I am perplexed as to what is going on here. I do realize my code may not be entirely proper in that I am not running anything in a predict or inference model (was planning to check/tackle that later), but I don't understand how the model itself seems to changing each time I run input into the model even though I am not running backward() or trainer.step(). Any insight would be appreciated. Why is this happening?

My only guess is that perhaps the hidden state is preserved between runs. But I thought I had not coded it to do so (I saw an example where this was done and the hidden state had to be explicitly saved and fed back into the RNN). In particular, I have not implemented a begin_state method for my gluon.Block. I am not sure how to verify or disprove this guess.
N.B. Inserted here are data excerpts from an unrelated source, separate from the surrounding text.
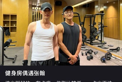 有网友晒出在健身房偶遇张翰的合照,同时还夸对方:“练挺好的,...
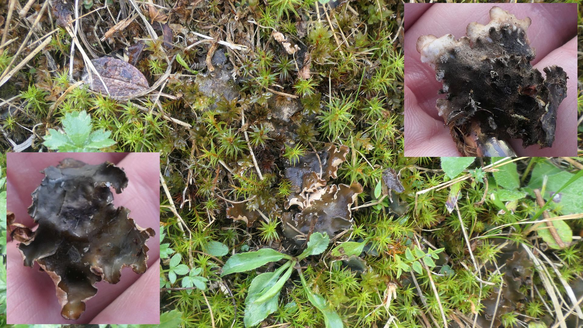 Bild 1 Peltigera im Moss am Wegrand. Einsatzbilder: Foto von Ober- und Unterseite noch vor Ort
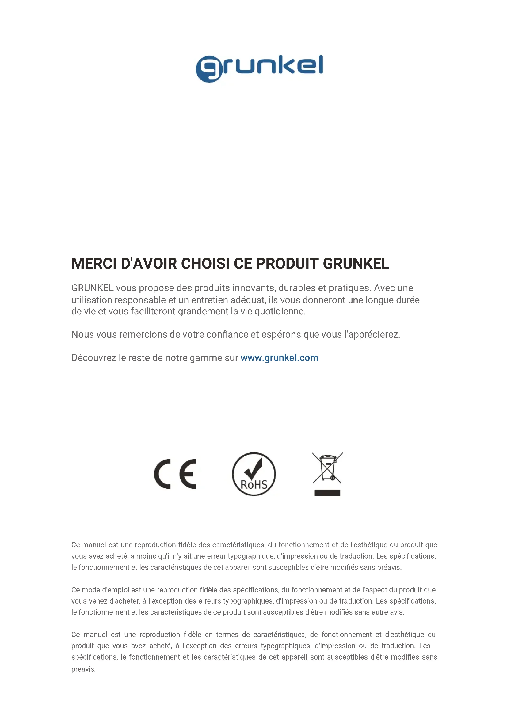 DÉCOUVREZ TOUT CE QUE NOUS POUVONS FAIRE POUR VOUS Àwww.grunkel.comMERCI D'AVOIR CHOISI CE PRODUIT GRUNKEL GRUNKEL vous propose des produits innovants, durables et pratiques. Avec une utilisation responsable et un entretien adéquat, ils vous donneront une longue durée de vie et vous faciliteront grandement la vie quotidienne. Nous vous remercions de votre confiance et espérons que vous l'apprécierez. Découvrez le reste de notre gamme sur www.grunkel.com
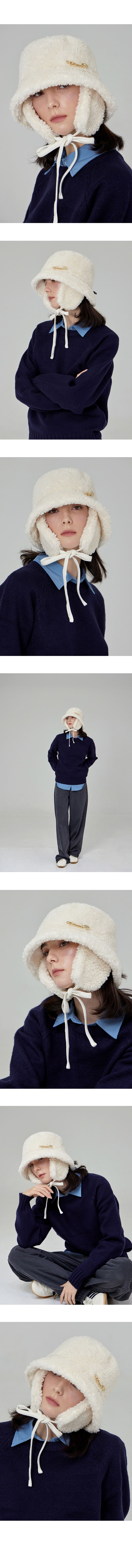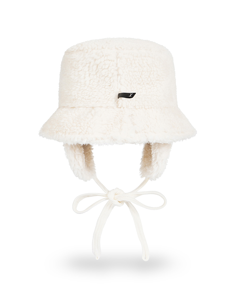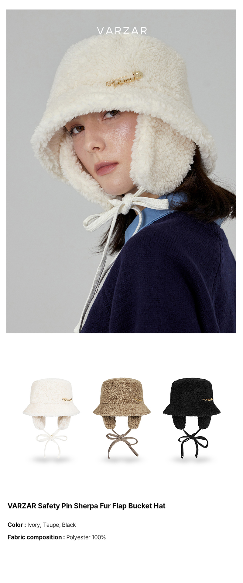 VARZAR Safety Pin Sherpa Fur Flap Bucket Hat Ivory
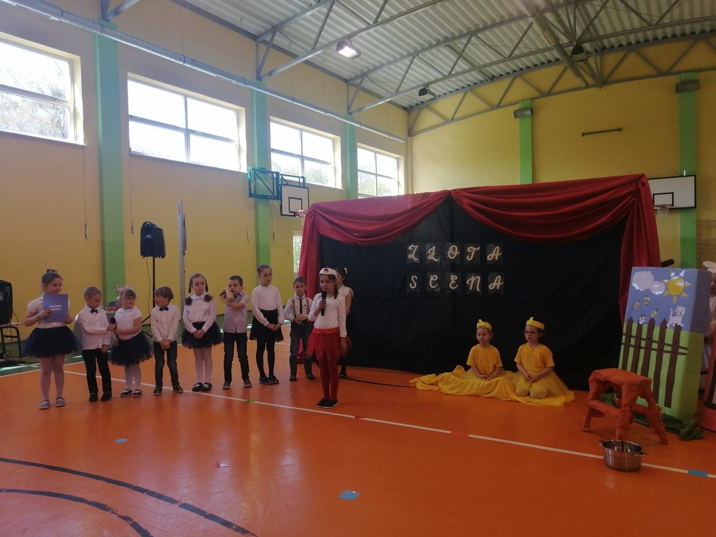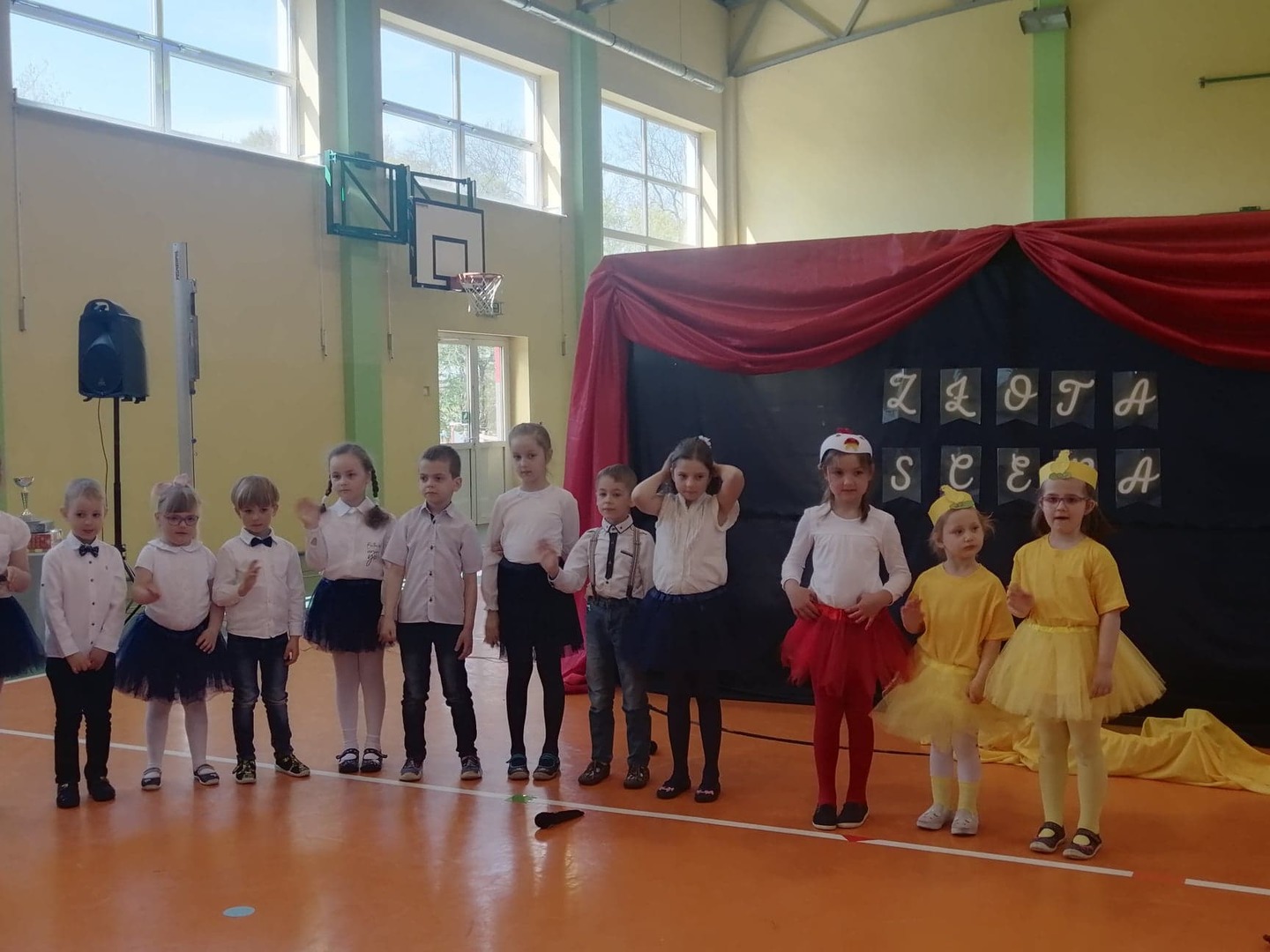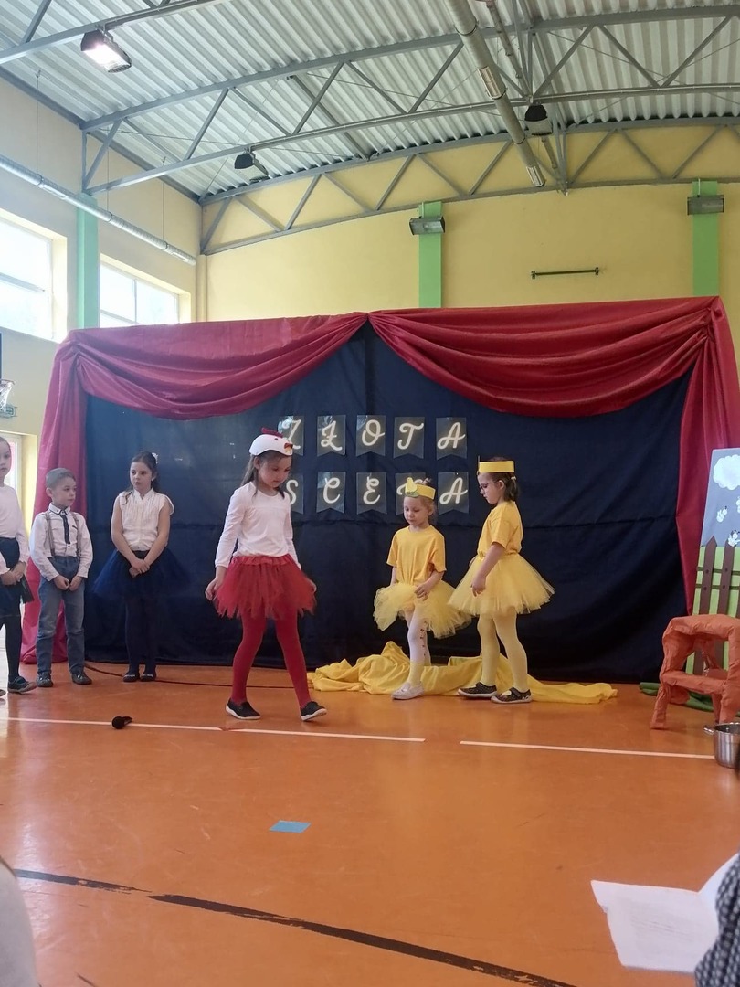29 kwietnia br. dzieci z grup 4,5 i 6-latków wzięły udział w przeglądzie teatralnym pt. "Złota Scena" organizowanym przez Zespół Szkolno - Przedszkolny im. Marii Konopnickiej w Borzęciczkach. Grupa naszych przedszkolaków wystąpiła ze spektaklem pt. "Kwoka" i decyzją jury zdobyła na podium I miejsce !!

Here is my gluon.Block as implemented in case that is relevant:

class RNNModel(gluon.Block):
    def __init__(self, mode, num_inputs, num_embed, num_hidden,
                 num_layers, dropout=0.5, tie_weights=False, **kwargs):
        super(RNNModel, self).__init__(**kwargs)
        with self.name_scope():
            self.drop = nn.Dropout(dropout)
            self.rnn = rnn.GRU(num_hidden, num_layers, dropout=dropout,
                               input_size=num_inputs)
            self.decoder = nn.Dense(1, in_units = num_hidden)
            self.num_hidden = num_hidden

    def forward(self, inputs):
        output = self.rnn(inputs)
        output = self.drop(output)
        decoded = self.decoder(output.reshape((-1, self.num_hidden)))
        return decoded

Solution

  • I determined that within the with autograd.record() context, the hidden state must keep evolving, because I did not see this behavior outside of this context. Because my model does not provide a variable which exposes the hidden state I was not able to verify this explicitly, but it makes the most sense. Also I was able to confirm that the weights that are exposed (via trainer._params) were not changing, so it had to be the hidden state.